The game seemed destined for drama until both of Lafayette's top two quarterbacks went down—the starter injured in the previous week's game, the backup hurt in practice. Third-string senior Zach Zweizig was pressed into service.
Lafayette won anyway, 27-7.
The Rivalry That Survives Pandemics
When COVID-19 forced the Patriot League to cancel fall 2020 sports, it appeared the streak would finally end after 159 consecutive years. But the league made a remarkable decision: move the entire fall 2020 season to spring 2021.
This wasn't done for all sports or all teams. It was done specifically to preserve the streak.
Lafayette and Lehigh were originally scheduled to meet on April 3, 2021, but the game was postponed due to COVID issues within Lafayette's program.

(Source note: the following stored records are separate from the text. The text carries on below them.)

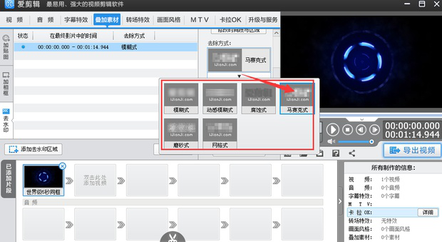 爱剪辑如何给视频添加马赛克?
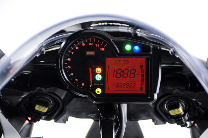 Помимо прекрасного двигателя, рамы, тормозов и прочего, счастливые владельцы Aprilia RS 50 извлекут выгоду и из других компонентов большинство которых можно найти только на высокообъемных мотоциклах. Возьмите, например, алюминиевый рычаг тормоза и сцепления, алюминиевые подставки для ног, глушитель высокого уровня и бескамерные радиальные шины. Aprilia даже оборудовала RS 50 с передовой многофункциональной приборной панелью. Эта компактная аналоговая-цифровая приборная панель действует как реальный бортовой компьютер. В дополнение к всем обычным параметрам и функциям, она также включает встроенный таймер круга, чтобы позволить завтрашним чемпионам сделать запись их лучших кругов.
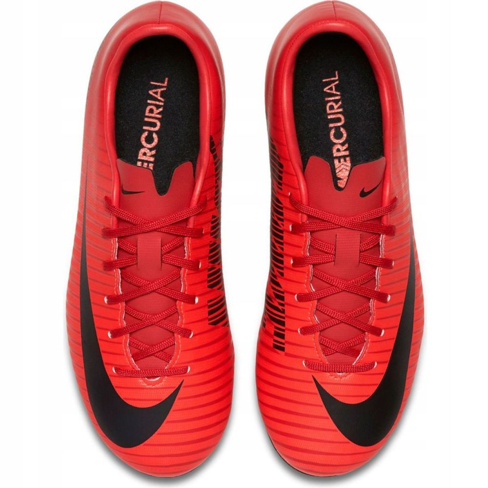 A Nike Mercurial Victory VI FG Jr 831945 616 cipő tökéletes választás fiatal futballisták számára, akik stílusosan és kényelemben szeretnék elérni sportcéljaikat. A feltűnő narancssárga-vörös színű alacsony kapcsok minden meccsen kiemelkednek a pályán.
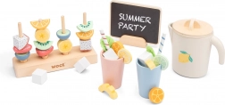 Otvoríte deťom svet fantázie s touto drevenou sadou na letnú párty. Malí hostitelia od 3 rokov si môžu pripraviť osviežujúce limonády, tvoriť farebné ovocné špízy a usporiadať vlastný stánok s občerstvením. Sada podporuje jemnú motoriku, rozlišovanie farieb aj spoluprácu a je vyrobená z dreviny z udržateľných zdrojov.
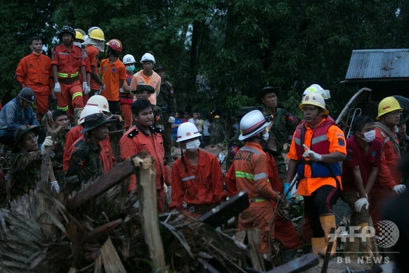 ミャンマーなどの東南アジア諸国では毎年、季節風による豪雨が家屋の浸水や土砂災害を引き起こし、何千人もの住民が避難を余儀なくされている。ただ、同州のパウン(Paung)町で9日に発生した土砂災害は、このところでは最も壊滅的で、数百人規模の災害対応要員が、泥にまみれたがれきの中から遺体の収容を続けている。

They finally played on April 10, with Lafayette winning 20-13. The rivalry remained officially uninterrupted, at least within the academic year.
The Other Rivalries: Every Sport, All Year
Football is the crown jewel, but these schools compete in everything.
In 1968, they created the "All Sports Trophy," awarded to whichever school wins the most varsity sports matchups during the academic year. One point per victory, total them up, declare a champion.
Lehigh has won this trophy 34 times. Lafayette has won it twice. There have been six ties.
In wrestling specifically, Lafayette leads the all-time series 12-10. In football, Lehigh leads 84-72, with 5 ties.
The asymmetry is telling: Lafayette occasionally dominates individual sports, but Lehigh has been the more consistent overall athletic program.
Championship Implications
Since both schools joined the Patriot League, their season-ending rivalry game has frequently decided conference championships.
In 2004 and 2006, Lehigh came into the game leading Lafayette by one game in the standings. Due to tiebreaker rules, the winner would claim the league title outright. Both times, Lafayette won—jumping to big leads, surviving Lehigh rallies, and pulling away.
This created memorable class-wide futility. From 2004 to 2007, Lehigh lost four straight, meaning the Lehigh Class of 2008 graduated without ever seeing their team beat Lafayette. Lehigh then reversed this from 2008 to 2012, winning five consecutive games and leaving the Lafayette Classes of 2012 and 2013 winless against their rivals.
In 2013, for the first time since 2006, the Patriot League championship was on the line when the teams met. Lafayette won 50-28, claiming the title on Lehigh's home turf. Quarterback Drew Reed, a freshman, took Most Valuable Player honors—the first Lafayette freshman to do so in nearly 25 years.
What Makes a Rivalry
Sports Illustrated once told its readers that seeing Lafayette-Lehigh "is something you have to do once in your life." ESPN ranked it eighth among all college football rivalries. Athlon Sports placed it among the top 25 rivalries in the sport's history.
These aren't powerhouse programs. Neither Lafayette nor Lehigh has ever contended for a national championship or produced waves of NFL players. The Patriot League—home to schools like Colgate, Holy Cross, and Bucknell—emphasizes academics over athletics and doesn't offer football scholarships.
And yet the rivalry endures, intense and genuine, precisely because it doesn't matter to anyone outside the Lehigh Valley. The stakes are local, personal, and petty in the best possible way. When Lehigh students march a goalpost four miles to throw it into a river, they're not doing it for television cameras or recruiting rankings. They're doing it because they beat Lafayette, and that's what you do when you beat Lafayette.
The game has inspired books and a PBS documentary narrated by the legendary sports broadcaster Harry Kalas. It has its own informal name—simply "The Rivalry," as if there were no other.
For 161 games across 140 years, two small Pennsylvania colleges have been proving that you don't need national relevance to have a sporting tradition worth caring about. You just need seventeen miles of distance, a perceived slight from a Presbyterian church, and a willingness to set things on fire when you finally win.